--- Source records ---
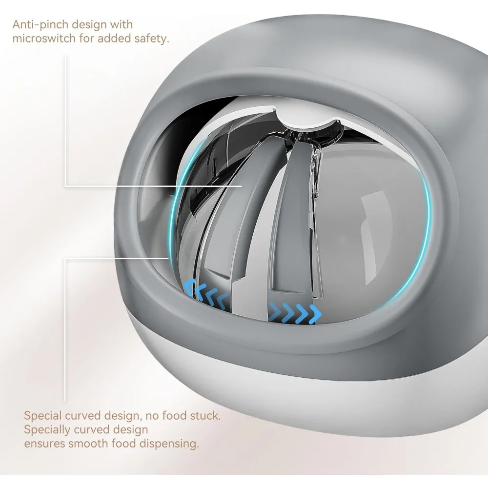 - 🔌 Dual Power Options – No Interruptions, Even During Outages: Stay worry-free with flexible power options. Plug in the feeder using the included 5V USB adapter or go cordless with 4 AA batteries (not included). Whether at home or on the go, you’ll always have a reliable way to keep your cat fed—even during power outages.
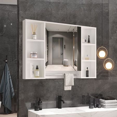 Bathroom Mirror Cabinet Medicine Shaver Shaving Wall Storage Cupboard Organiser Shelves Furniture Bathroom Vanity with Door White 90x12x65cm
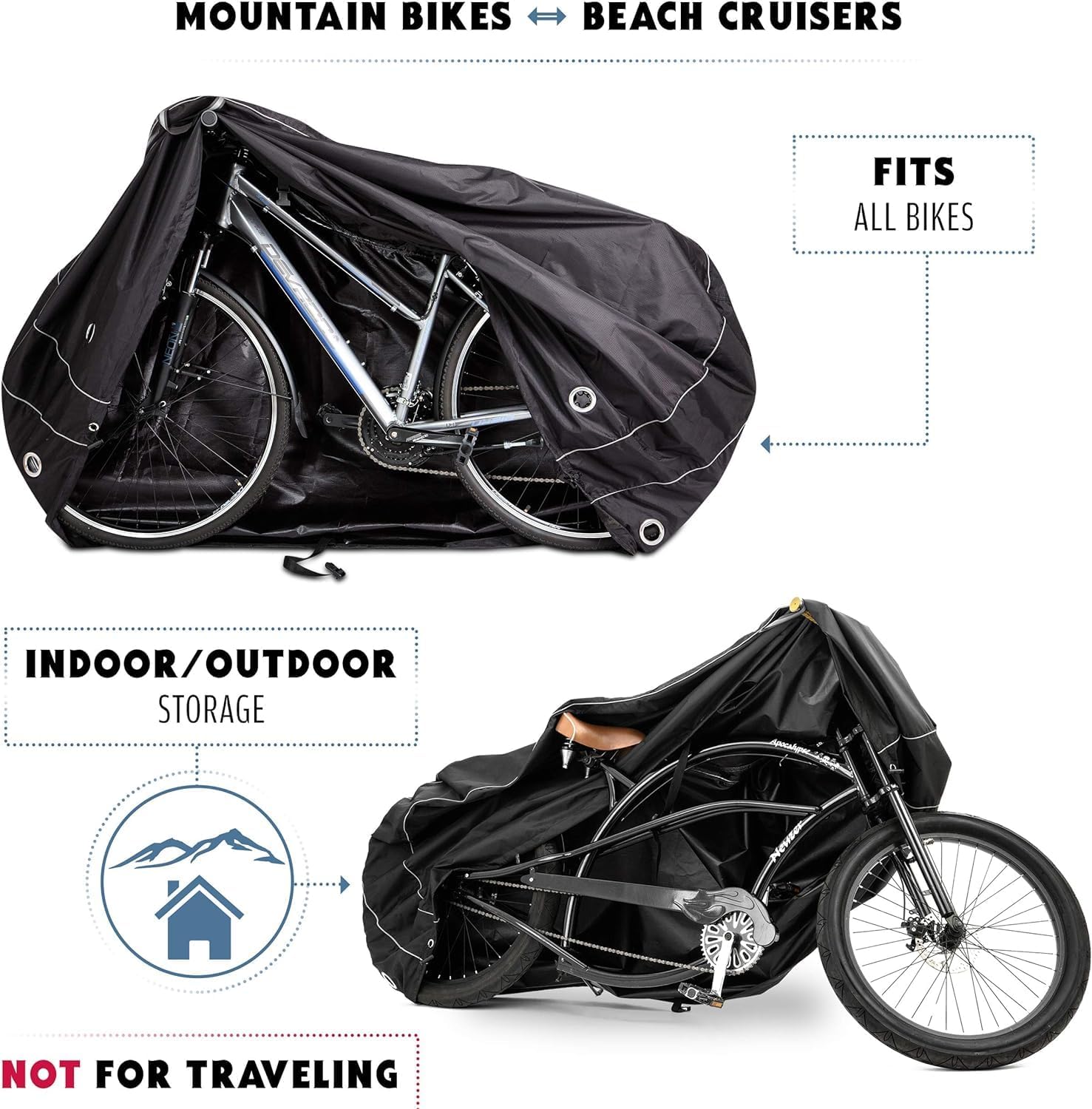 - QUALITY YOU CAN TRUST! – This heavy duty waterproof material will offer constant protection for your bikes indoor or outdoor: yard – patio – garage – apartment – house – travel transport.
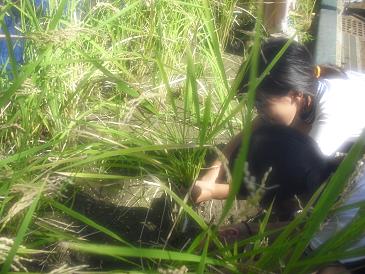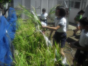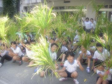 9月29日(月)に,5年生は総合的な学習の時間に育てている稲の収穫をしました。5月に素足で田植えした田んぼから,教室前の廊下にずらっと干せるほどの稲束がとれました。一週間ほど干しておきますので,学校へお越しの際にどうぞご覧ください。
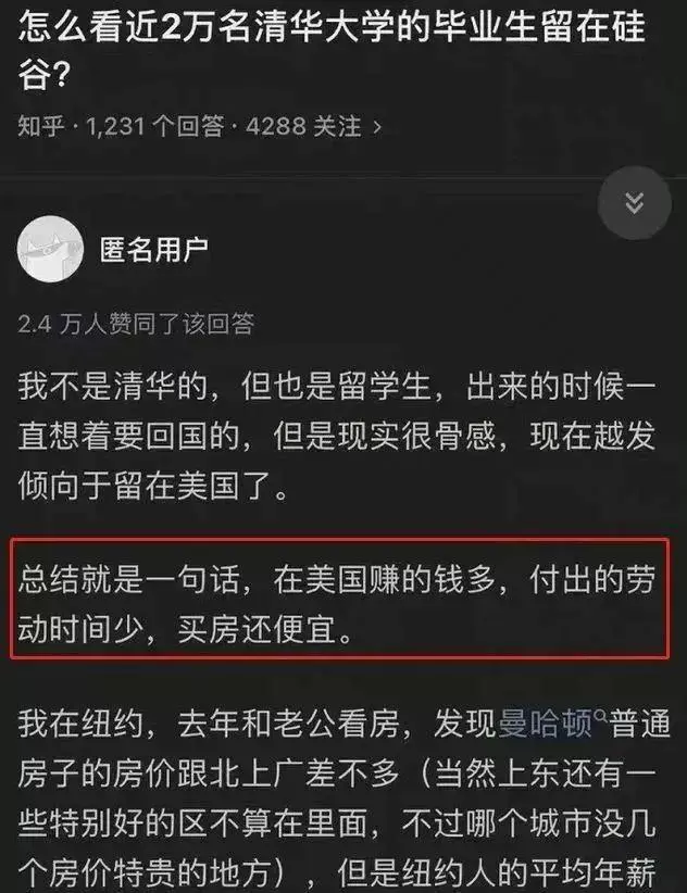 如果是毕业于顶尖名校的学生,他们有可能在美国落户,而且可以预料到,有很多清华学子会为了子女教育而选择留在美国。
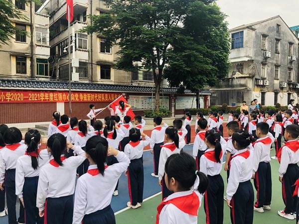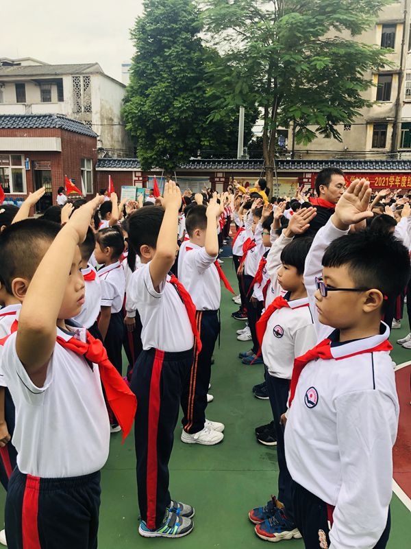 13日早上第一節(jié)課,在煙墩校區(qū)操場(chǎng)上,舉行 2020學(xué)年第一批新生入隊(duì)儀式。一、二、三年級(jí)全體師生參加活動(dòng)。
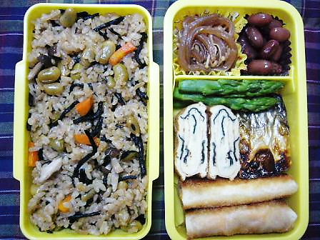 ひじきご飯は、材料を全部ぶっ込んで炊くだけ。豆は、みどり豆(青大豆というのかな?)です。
---
=== Task objective ===
Once the line containing "- QUALITY YOU" is found, write out exactly that line and each line after it through the end of the entries, omitting pictures.

=== Result for this task ===
 - QUALITY YOU CAN TRUST! – This heavy duty waterproof material will offer constant protection for your bikes indoor or outdoor: yard – patio – garage – apartment – house – travel transport.
 9月29日(月)に,5年生は総合的な学習の時間に育てている稲の収穫をしました。5月に素足で田植えした田んぼから,教室前の廊下にずらっと干せるほどの稲束がとれました。一週間ほど干しておきますので,学校へお越しの際にどうぞご覧ください。
 如果是毕业于顶尖名校的学生,他们有可能在美国落户,而且可以预料到,有很多清华学子会为了子女教育而选择留在美国。
 13日早上第一節(jié)課,在煙墩校區(qū)操場(chǎng)上,舉行 2020學(xué)年第一批新生入隊(duì)儀式。一、二、三年級(jí)全體師生參加活動(dòng)。
 ひじきご飯は、材料を全部ぶっ込んで炊くだけ。豆は、みどり豆(青大豆というのかな?)です。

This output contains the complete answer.